Why each step exists (institutional memory)¶
When someone proposes skipping a step "to go faster," this table is the answer:
| Step skipped | What happens | How you notice |
|---|---|---|
| Specify | the wrong thing gets built | shipped, but users do not use it |
| Scenarios | the feature is vague, edges missing | the AI keeps asking questions mid-build |
| Contract | interfaces drift | front, back, and AI disagree on shapes |
| Tests | AI code is uncontrollable | no way to know it is right but to test by hand |
| Verify (architecture check) | entropy explodes | the codebase is a tangle within months |
| Operate / loop | silent rot | the same incidents recur |
The continuous concerns¶
Four concerns are not steps but threads that run through every step, starting at project setup. Pulling them forward ("shifting left") is far cheaper than bolting them on at the end.
| Concern | Begins at | Enforced at the build gate by |
|---|---|---|
| Security | setup (secret scanning, dependency allow-list) | zero high-severity findings; every AI-suggested package verified to exist |
| Testing | the scenarios step | coverage must not decrease; no test weakened to pass |
| Observability | setup (logging/metric conventions) | instrumentation present; service objectives verified after release |
| Cost | setup (an AI-usage budget per task) | a task may not exceed its budget without escalation |
AI-specific governance¶
A method built on AI agents needs controls older methods did not:
- Pin the model. Record the model and version; re-check the prompt library before adopting an upgrade. AI output is non-deterministic, so provenance matters.
- Test the prompts. The reusable instructions in
playbook/are themselves artifacts: give each golden input/output cases, and re-check them when edited. A prompt that fails its check does not ship. - Guard the supply chain. No package outside the allow-list without human approval; verify each suggested package actually exists, to defeat the risk of an agent inventing a plausible name an attacker has registered.
- Track provenance and licensing. License-scan both generated and pulled-in code; keep a record of what the AI produced.
Metrics that matter — and the anti-metrics¶
Measure the scarce things:
- Contract stability — how rarely the frozen contracts change; high churn is genuinely expensive.
- Validated requirement coverage — the share of rules confirmed against real behavior.

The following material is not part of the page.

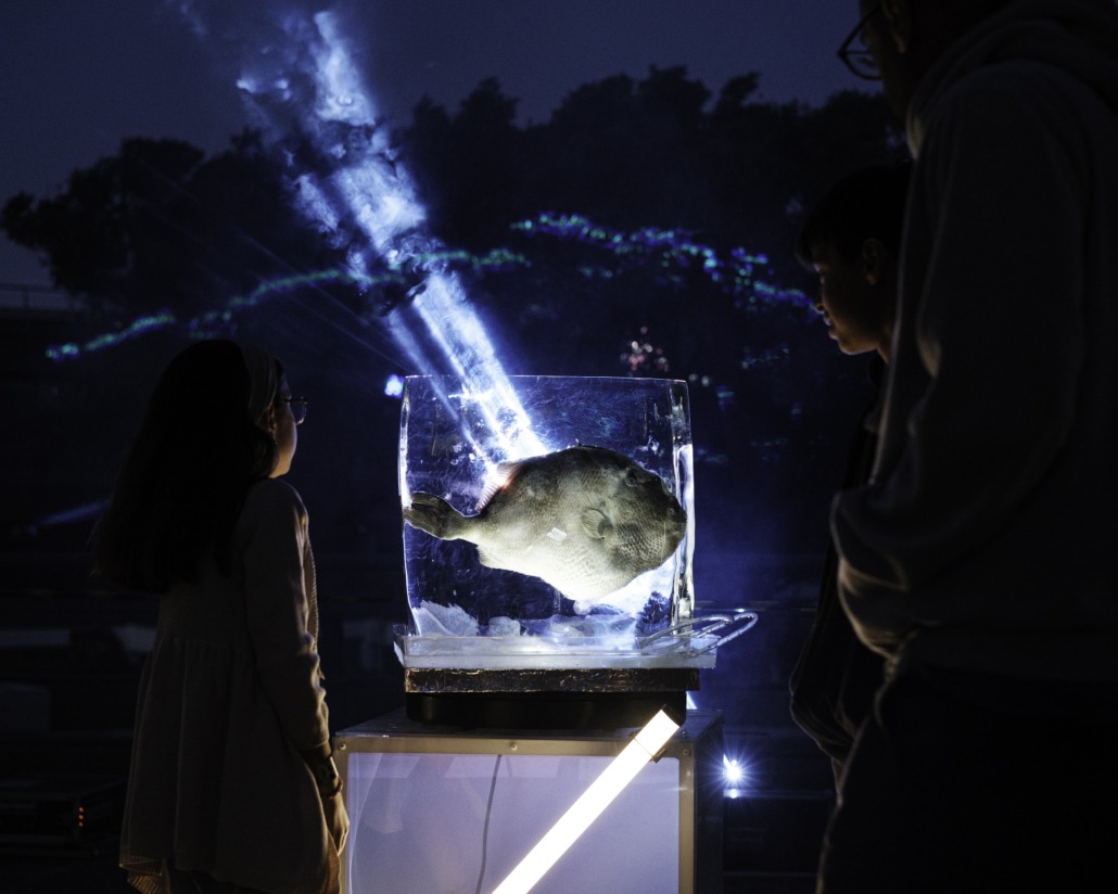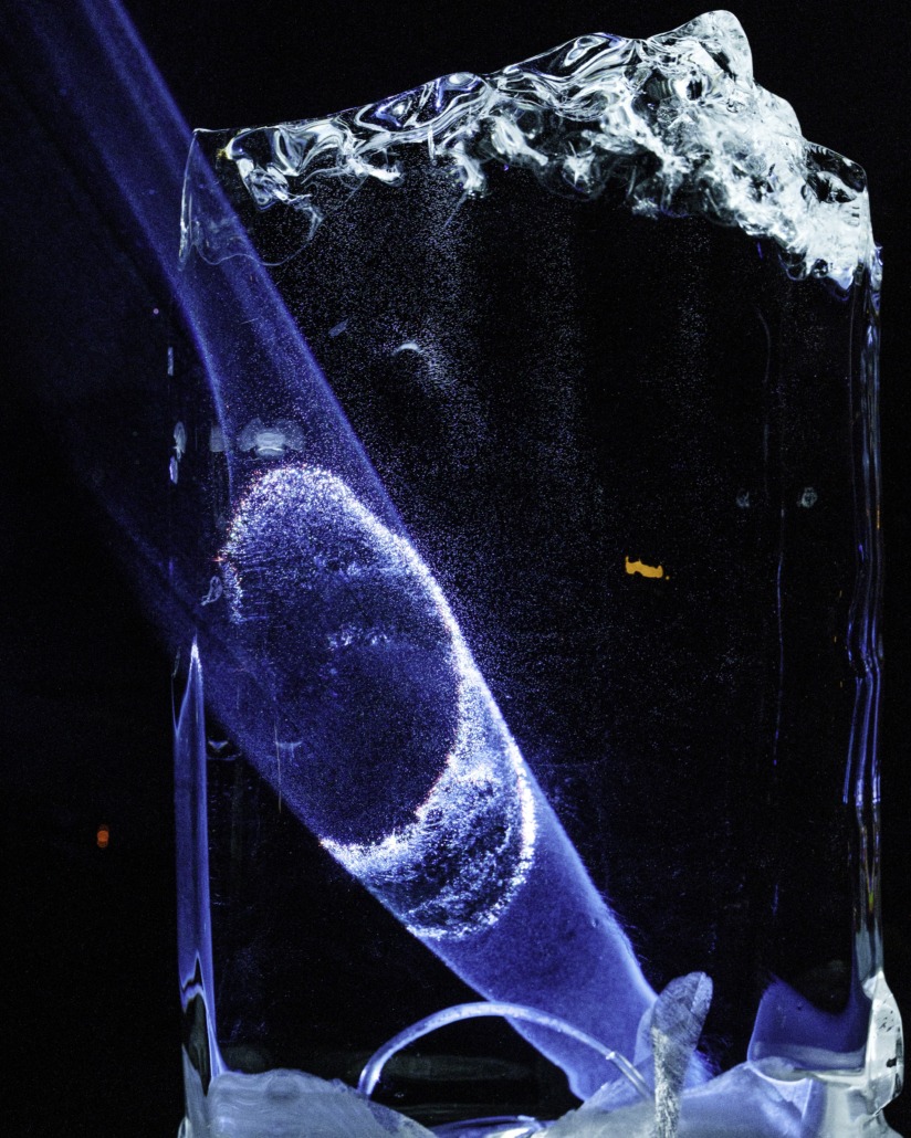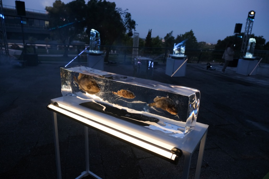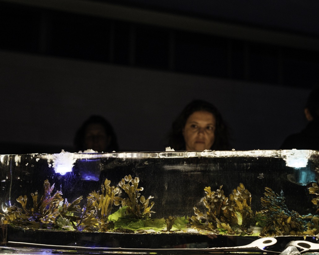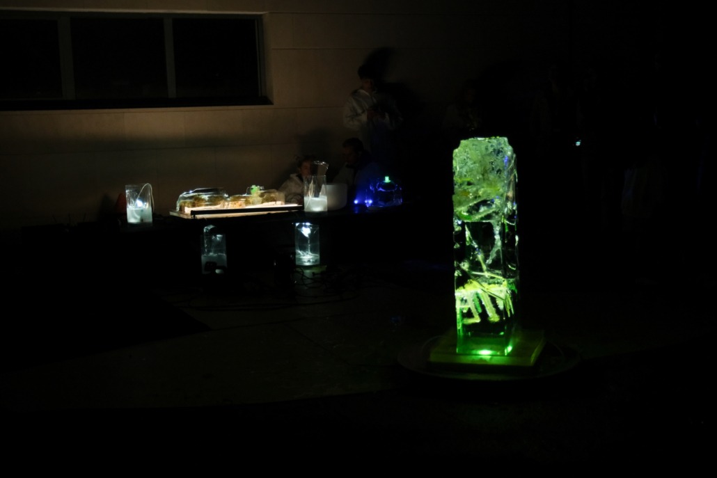 - Technique / Materials: AV installation / MacBook Pro, Avolites DMX interface, 4 laser projectors Laser World, 12 LED Lights, smoke machine, rotating plate, Acrilyc structures, fish, algae, aquatic plants, ice.

- Review throughput — the team's verification capacity, which sets the safe autonomy level.
- Delivery and reliability — lead time, deployment frequency, change-failure rate, time to recover.
Do not optimize: lines of AI code generated, code-reuse percentage, prompt counts, or velocity measured in code volume. These count the cheap, disposable thing and create incentives to keep bad code to protect a number.
Profiles: one method, three intensities¶
| Express (startup) | Standard (most teams) | Regulated (audited) | |
|---|---|---|---|
| Steps | combine Specify + Scenarios into a one-page brief; light contract | full flow | full flow, all HARD-STOP |
| Scenarios | happy path only | happy + key alternatives | exhaustive, incl. compliance |
| Autonomy ceiling | generate-behind-gate from day one | up to auto-with-evidence | generate-behind-gate max; the AI never merges its own work |
| Gate default | RISK-ACCEPTED allowed |
PASS required to advance |
HARD-STOP; full audit trail |
Choose the profile deliberately — a startup spike and a banking system are not the same risk — and run different products at different profiles as appropriate. The choice is owned by the delivery lead (see 12 Roles).